Would you copy exactly the lines in the data below from the one that has "Lieferumfang: 6 x" through the one that has "CLASS FOUR | |||||", dropping any pictures?

### Excerpted data
+ + + +
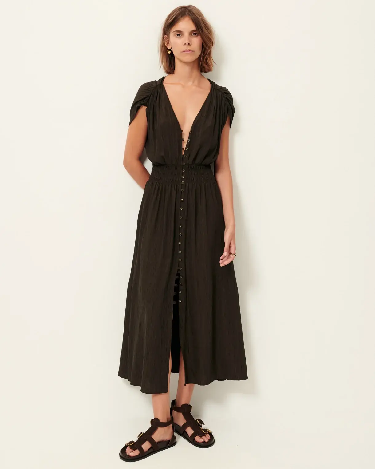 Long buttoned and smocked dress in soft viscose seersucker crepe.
+ + + +
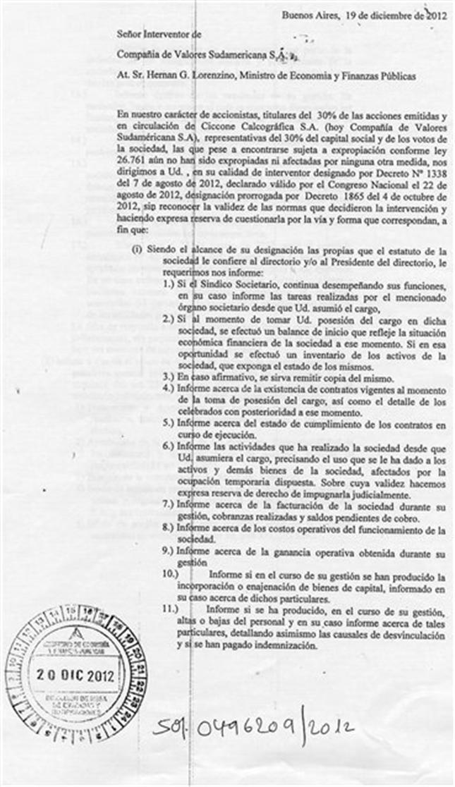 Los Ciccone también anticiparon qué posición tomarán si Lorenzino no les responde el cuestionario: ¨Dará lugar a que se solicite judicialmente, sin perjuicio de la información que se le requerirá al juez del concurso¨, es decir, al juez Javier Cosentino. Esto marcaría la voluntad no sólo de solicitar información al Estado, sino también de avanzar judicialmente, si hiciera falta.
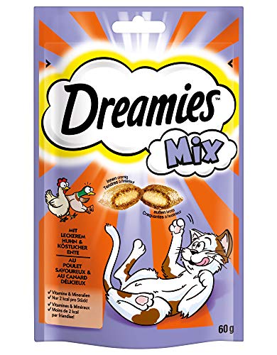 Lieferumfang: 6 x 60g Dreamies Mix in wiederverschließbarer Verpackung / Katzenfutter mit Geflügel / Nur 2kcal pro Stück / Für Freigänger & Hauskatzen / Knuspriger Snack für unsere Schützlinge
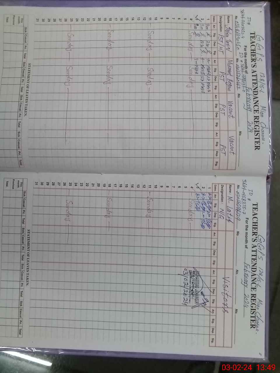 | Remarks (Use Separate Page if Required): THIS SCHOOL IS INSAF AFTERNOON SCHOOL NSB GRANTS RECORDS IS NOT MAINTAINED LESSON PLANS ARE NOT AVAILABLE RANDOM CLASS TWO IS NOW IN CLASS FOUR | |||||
+ + + +
### Completed task
 Lieferumfang: 6 x 60g Dreamies Mix in wiederverschließbarer Verpackung / Katzenfutter mit Geflügel / Nur 2kcal pro Stück / Für Freigänger & Hauskatzen / Knuspriger Snack für unsere Schützlinge
 | Remarks (Use Separate Page if Required): THIS SCHOOL IS INSAF AFTERNOON SCHOOL NSB GRANTS RECORDS IS NOT MAINTAINED LESSON PLANS ARE NOT AVAILABLE RANDOM CLASS TWO IS NOW IN CLASS FOUR | |||||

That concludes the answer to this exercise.